The first input gate corresponding to the

input variables

The input weights of ,

for

the moment

The first input gate corresponding to the

hidden layer variables

the loop weight.

上述进一步方案的有益效果是，利用长短时记忆门对数据进行建模，有效提取时序依赖关系，从而达到时序预测的效果。The beneficial effect of the above-mentioned further scheme is that the long-short-term memory gate is used to model the data, and the time-series dependencies can be effectively extracted, so as to achieve the effect of time-series prediction.

进一步的，所述S3中计算预测误差的方式为：Further, the method of calculating the prediction error in the S3 is:

；

;

其中，

表示时刻的平均预测误差，n表示输入输出的向量长度，

为t时刻的输入数据，

为t时刻的预测数据。in,

Represents the average prediction error at the moment, n represents the vector length of the input and output,

is the input data at time t,

is the forecast data at time t.

上述方案的有益效果是，由于每天的特征数据是一个向量，为了后续阈值选择以及积液预测的方便，故使用每天预测误差向量的期望来代表当天的预测误差值。The beneficial effect of the above solution is that, since the characteristic data of each day is a vector, for the convenience of subsequent threshold selection and effusion prediction, the expectation of the daily prediction error vector is used to represent the prediction error value of the day.

进一步的，所述S4中动态阈值的计算方式表示为：Further, the calculation method of the dynamic threshold in the S4 is expressed as:

；

;

其中，

为动态阈值向量，

函数的意义为从动态阈值向量中选择使公式

最大化的动态阈值

，

为预测误差向量的均值，

为预测误差向量的标准差，z为权重系数，

为去掉异常值后的数据均值差，

为预测误差值向量，

为

时刻的误差值

，

为预测误差窗口大小，

为去掉异常值后的数据标准差之差，

为满足

的误差值

的集合，

为

集合中连续误差值的集合。in,

is the dynamic threshold vector,

The meaning of the function is to select the formula from the dynamic threshold vector

maximized dynamic threshold

,

is the mean of the prediction error vector,

is the standard deviation of the prediction error vector, z is the weight coefficient,

In order to remove the outliers, the mean difference of the data,

is the prediction error value vector,

for

time error

,

is the prediction error window size,

In order to remove the outliers, the standard deviation of the data,

to satisfy

error value of

collection of

for

The set of consecutive error values in the set.

上述方案的有益效果是，使用动态的方法来挑选阈值避免了固定阈值法一刀切的模式，使得挑选出的阈值由近期生产情况确定，符合工业生产实况。
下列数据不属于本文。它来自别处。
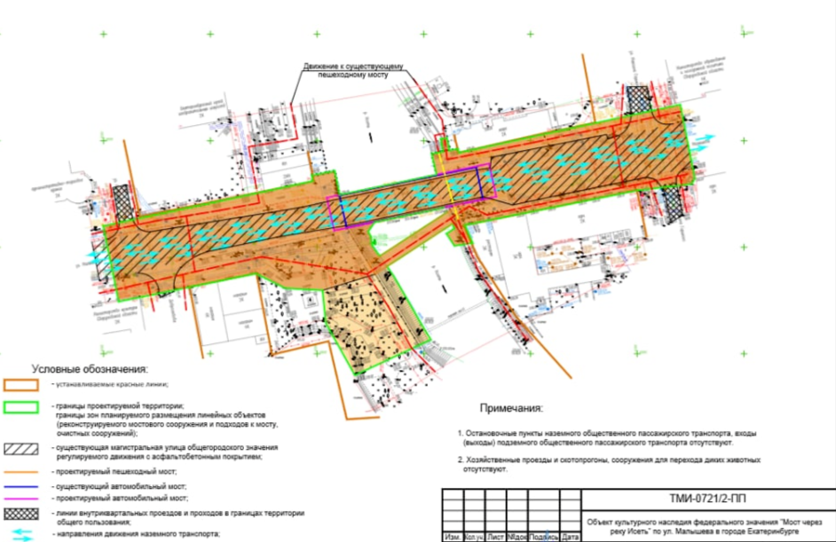 Однако администрация Екатеринбурга отклонила практически все предложения горожан и выступила за изначальный проект, который предлагает убрать с моста оба тротуара. Согласно проекту с северной стороны пешеходам придется пересекать реку Исеть по железному мосту «любви» возле Музея ИЗО, а с южной построят диагональный мост — от памятника Малышеву к ресторану «Итальянцы» на одном уровне с улицей. На перекрестке Малышева — Добролюбова хотят сделать дополнительные пешеходные переходы.
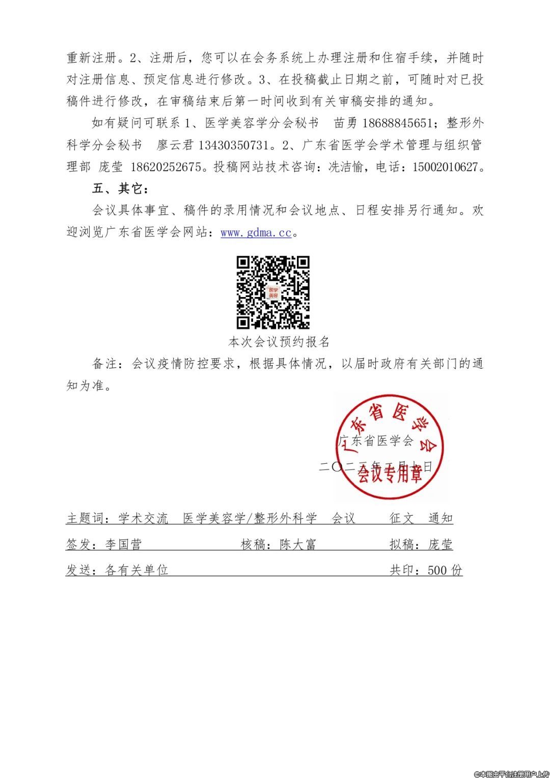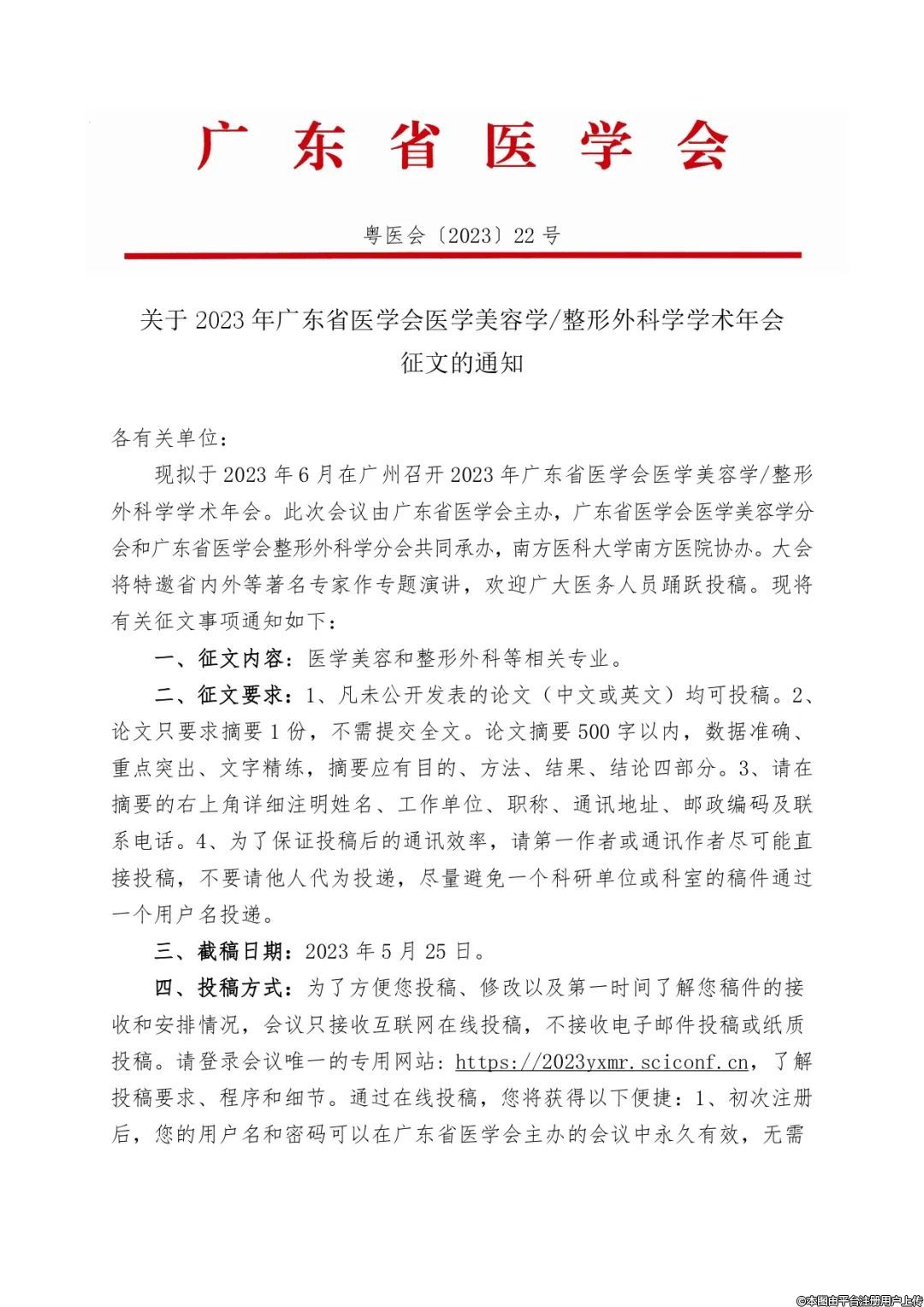 征文通知 2023年廣東省醫(yī)學會醫(yī)學美容學/整形外科學學術年會

The beneficial effect of the above solution is that using a dynamic method to select the threshold value avoids the one-size-fits-all model of the fixed threshold value method, so that the selected threshold value is determined by the recent production situation and conforms to the actual industrial production.

附图说明Description of drawings

图1为本发明基于深度异常检测的井筒积液检测方法的流程示意图。FIG. 1 is a schematic flowchart of a wellbore fluid detection method based on depth anomaly detection according to the present invention.

图2为本发明实施例降维自编码器结构示意图。FIG. 2 is a schematic structural diagram of a dimension reduction autoencoder according to an embodiment of the present invention.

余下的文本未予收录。